Otto Akama

The Common Law Lawyers strike going on for a month now has generated so much support that various sectors within Anglophone Cameroon are gradually coming on board. Otto Akama, from the tech community in Cameroon basically known as the Silicon Mountain with headquarters in Buea has added their voice. This is contained in a short memo sent by Mr. Otto Akama to BaretaNews. He wrote:

Guys let us stay positive. Everyone’s positivity counts.

The Anglophone community has been deeply disrespected in a series of steps. In order to succeed, a lot of leadership is needed.

It’s neither about the lawyers nor teachers. It’s about us all and for those who think it’s an Anglophone problem, remember that it is the same way the youth community is being toasted around and it is the same way the black community in America is being toasted around.

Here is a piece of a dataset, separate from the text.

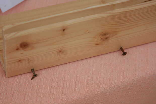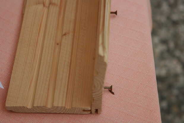 En la parte inferior de uno de los tableros largos perforé tamaño de agujeros de tres 3. El borde de la segunda placa fue atado a este con algunos tornillos viejos.

The real thing we are doing here is to build a culture of standing up tall when we feel oppressed and also standing up for others.

 

It’s not an issue of single instances, the fear of the police or the fear that we will not win. It’s an attitude issue. Not standing up is called cowardice.
For the fight, let’s do it for our brothers and sisters. There’s no guarantee of success. But not trying is a failure. However, the real battle is the battle within. Each time we shy away from a fight, the coward in us grows bigger, and it begins to reflect the quality of our lives. Cowardice never hides. Let’s be brave. If we lose in bravery, we will become stronger.

 

If you don’t fight against oppression, there’s no other way, you will depreciate, run away from your country, beg for jobs, beg for justice and grow old in that way.

Now, even if you shy away and the fighters succeed. After the struggle, winners share opportunities, but cowards just change the person they were begging from. It is your place to choose what you want to be. If you don’t want to fight, just stay. Begging is not that bad. It might just suit you. We all must stand up

1 comment
  1. Anglophone Cameroonians’ Synergy

    All Anglophone Cameroonians wherever they may be, should for no reason whatsoever, succumb to their gross injustice and their overshadowing discrimination, marginalisation, assimilation and subjugation by Francophone Cameroonians occupying 96% of the top-ranking positions in the country ranging from Ministers to Directors, and Heads of Corporations to Chiefs of Services. This is that divine-appointed moment for us to put our previous observations, findings, analyses and hypotheses together into a final conclusion – that for more than half a century, we have been a degraded, dejected and depleted people. That we have been a people with no voice, no rights, no dignity and no future – missing in the abyss of a grinding mill called our country.

    If in the midst of these crucial circumstances, a great people with a common cultural and linguistic heritage are thus treated with broad daylight malignance, resentfulness, partiality and bias, if they are thus regarded as third class citizens and not given equal opportunities in all the sectors of the economy, of the judiciary and along the artistic and educational boulevard, then, they are therefore being reminded (either verbally or non-verbally) that they have been at the beck and call of a country to which they don’t belong by right of birth and of inheritance. They are thus being reminded; intrinsically, that they should form their own country because their supposed managers are either incompetent to manage them, or they are tired of mismanaging them.

    In what fatigable enterprise does it consist in forming a country? Nothing too demanding to frighten the cavalcade of classically learned Anglophone Cameroonians resident at home and in the diaspora. Just a Constitution which can be written in a fortnight. What else? The land is there in its bounty richness and vastness. The human and natural resources are there like aquatic life in the Atlantic Ocean. Anglophone Cameroonians count among the most renowned and influential African intellectuals of all time. Professor Bernard Nso-Kika Fonlon and Professor Anoma Ngu Victor of blessed memories were scholarly icons of astounding celebrity to reckon with. Someone or some people somewhere putting on pseudo-academic gabardines should not make the regrettable mistake of their lives to treat Anglophone Cameroonians like stark illiterates who don’t know who they are, where they come from, and where they are going. This, above any crime ever committed against humanity, should not touch Anglophone Cameroonians. Worst of all, it should not touch me. Else, I will take it as a personal assault. And deal with it unswervingly, unwaveringly, unamicably, and unpardonably.

    Nkwetatang Sampson Nguekie
    Pupil of Plato,
    Pen Fellow of the Magnolian Academy.